Exercise input
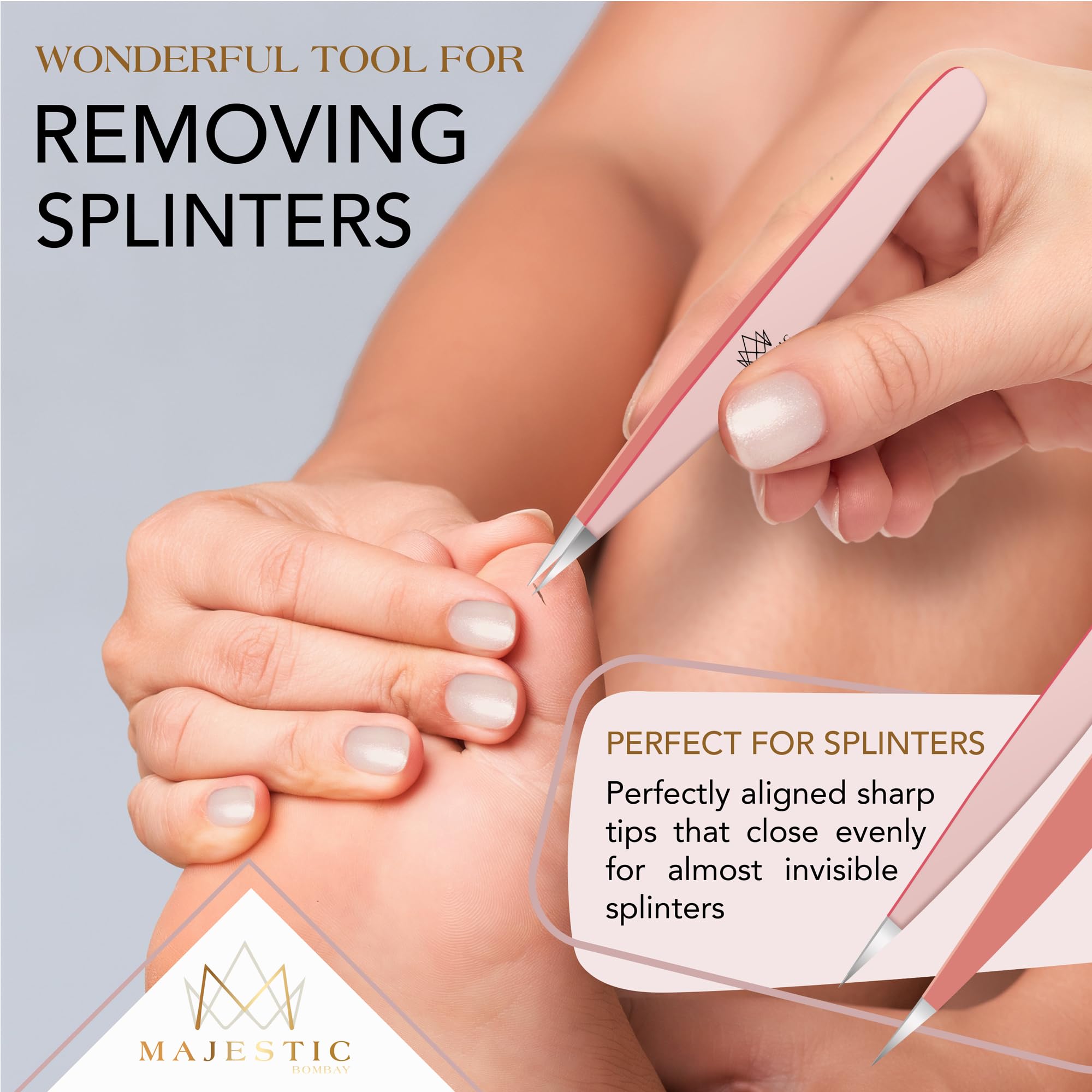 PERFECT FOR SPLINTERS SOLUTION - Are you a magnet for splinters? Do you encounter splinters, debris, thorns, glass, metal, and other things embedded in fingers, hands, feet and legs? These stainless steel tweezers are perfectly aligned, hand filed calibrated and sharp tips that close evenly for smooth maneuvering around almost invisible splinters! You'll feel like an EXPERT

...

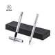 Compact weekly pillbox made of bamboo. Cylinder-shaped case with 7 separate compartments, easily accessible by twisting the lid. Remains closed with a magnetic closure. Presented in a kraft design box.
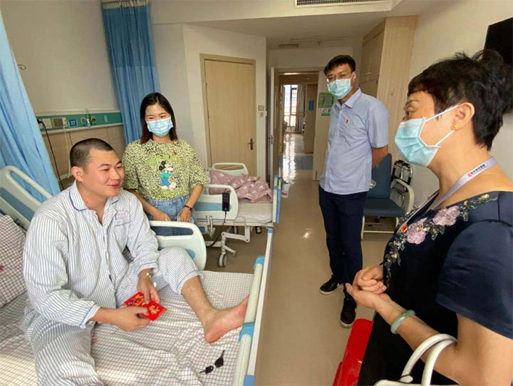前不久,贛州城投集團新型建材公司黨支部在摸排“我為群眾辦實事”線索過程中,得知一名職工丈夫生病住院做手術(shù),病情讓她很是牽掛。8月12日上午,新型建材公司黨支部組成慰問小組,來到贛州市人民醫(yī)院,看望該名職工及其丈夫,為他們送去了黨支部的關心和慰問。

Requirement
Although pictures appear among the entries, please set down only the lines from the one with "Compact weekly pillbox" up to and including the one with "前不久,贛州城投集團新型建材", word for word.

Output of the task
 Compact weekly pillbox made of bamboo. Cylinder-shaped case with 7 separate compartments, easily accessible by twisting the lid. Remains closed with a magnetic closure. Presented in a kraft design box.
前不久,贛州城投集團新型建材公司黨支部在摸排“我為群眾辦實事”線索過程中,得知一名職工丈夫生病住院做手術(shù),病情讓她很是牽掛。8月12日上午,新型建材公司黨支部組成慰問小組,來到贛州市人民醫(yī)院,看望該名職工及其丈夫,為他們送去了黨支部的關心和慰問。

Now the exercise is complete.